• Problem to work on
Leave every picture out, and give again exactly the lines from the one containing "Wool felted double-breasted" through the end of the listing.

• Data

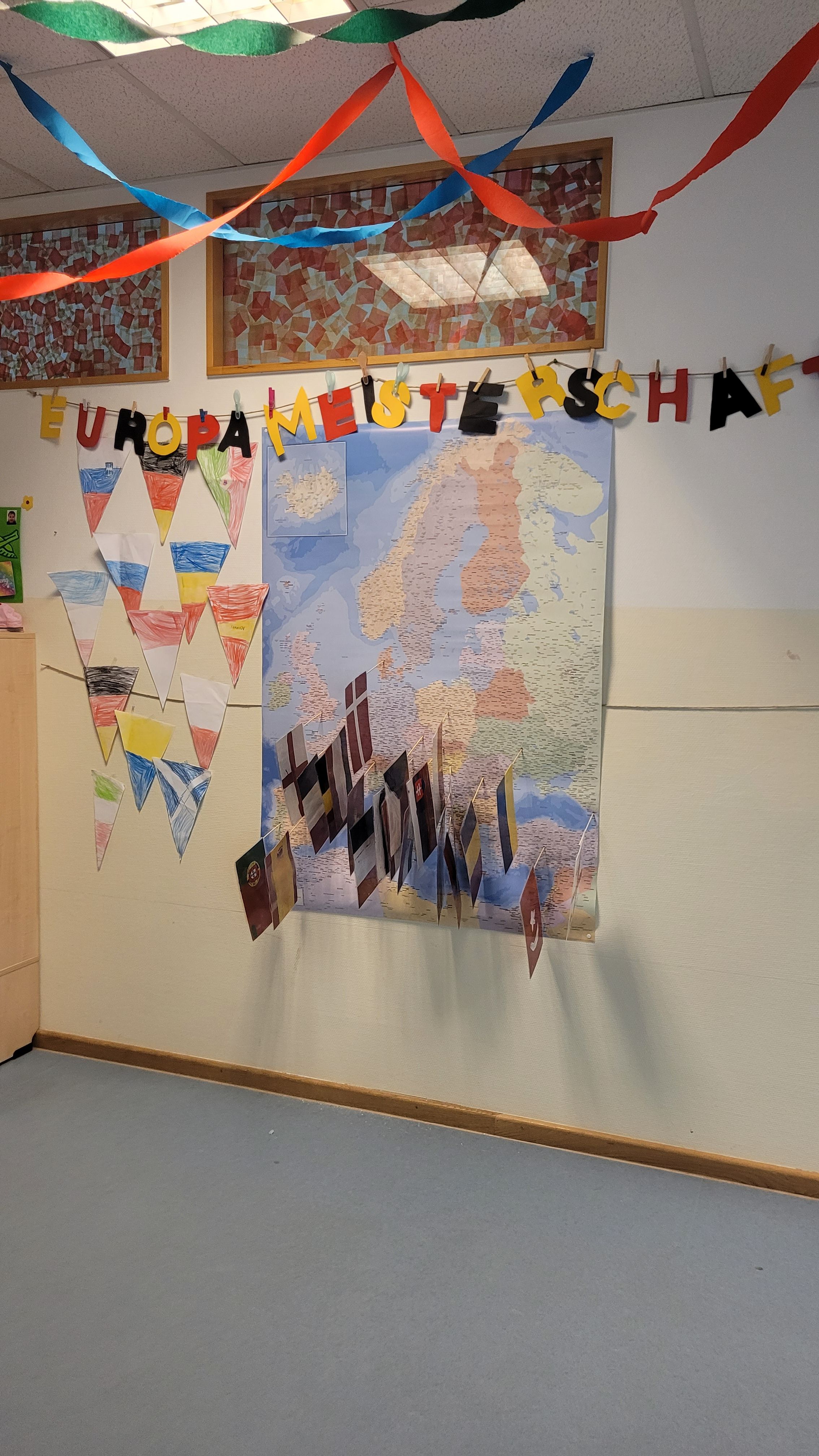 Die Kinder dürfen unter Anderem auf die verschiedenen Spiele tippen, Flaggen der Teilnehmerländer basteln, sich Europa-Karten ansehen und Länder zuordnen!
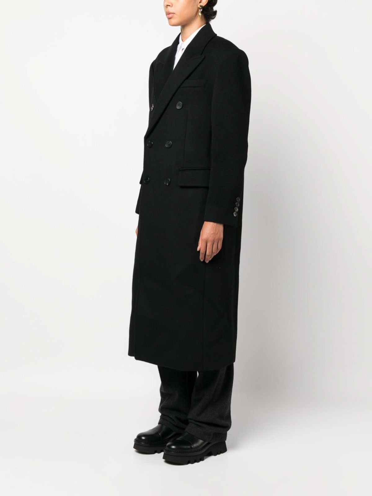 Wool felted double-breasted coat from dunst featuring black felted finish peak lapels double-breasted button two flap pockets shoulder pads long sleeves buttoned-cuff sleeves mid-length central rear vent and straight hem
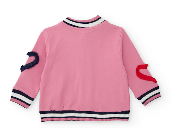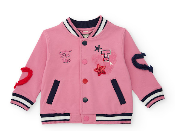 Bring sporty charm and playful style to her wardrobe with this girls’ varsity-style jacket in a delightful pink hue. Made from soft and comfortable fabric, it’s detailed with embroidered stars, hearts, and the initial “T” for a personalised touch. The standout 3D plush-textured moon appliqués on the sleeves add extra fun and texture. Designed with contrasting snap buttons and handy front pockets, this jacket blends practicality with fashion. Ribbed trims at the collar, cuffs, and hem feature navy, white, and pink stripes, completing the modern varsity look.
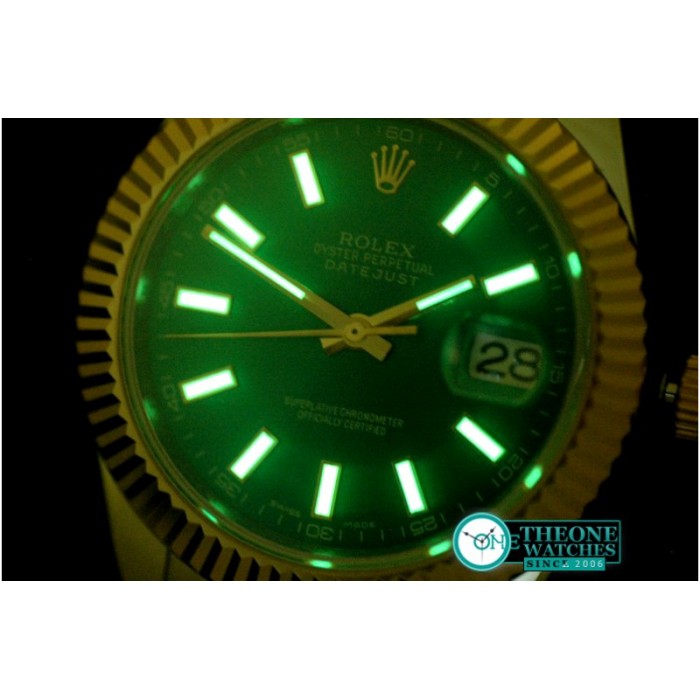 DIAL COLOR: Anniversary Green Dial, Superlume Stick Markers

• Finished task
 Wool felted double-breasted coat from dunst featuring black felted finish peak lapels double-breasted button two flap pockets shoulder pads long sleeves buttoned-cuff sleeves mid-length central rear vent and straight hem
 Bring sporty charm and playful style to her wardrobe with this girls’ varsity-style jacket in a delightful pink hue. Made from soft and comfortable fabric, it’s detailed with embroidered stars, hearts, and the initial “T” for a personalised touch. The standout 3D plush-textured moon appliqués on the sleeves add extra fun and texture. Designed with contrasting snap buttons and handy front pockets, this jacket blends practicality with fashion. Ribbed trims at the collar, cuffs, and hem feature navy, white, and pink stripes, completing the modern varsity look.
 DIAL COLOR: Anniversary Green Dial, Superlume Stick Markers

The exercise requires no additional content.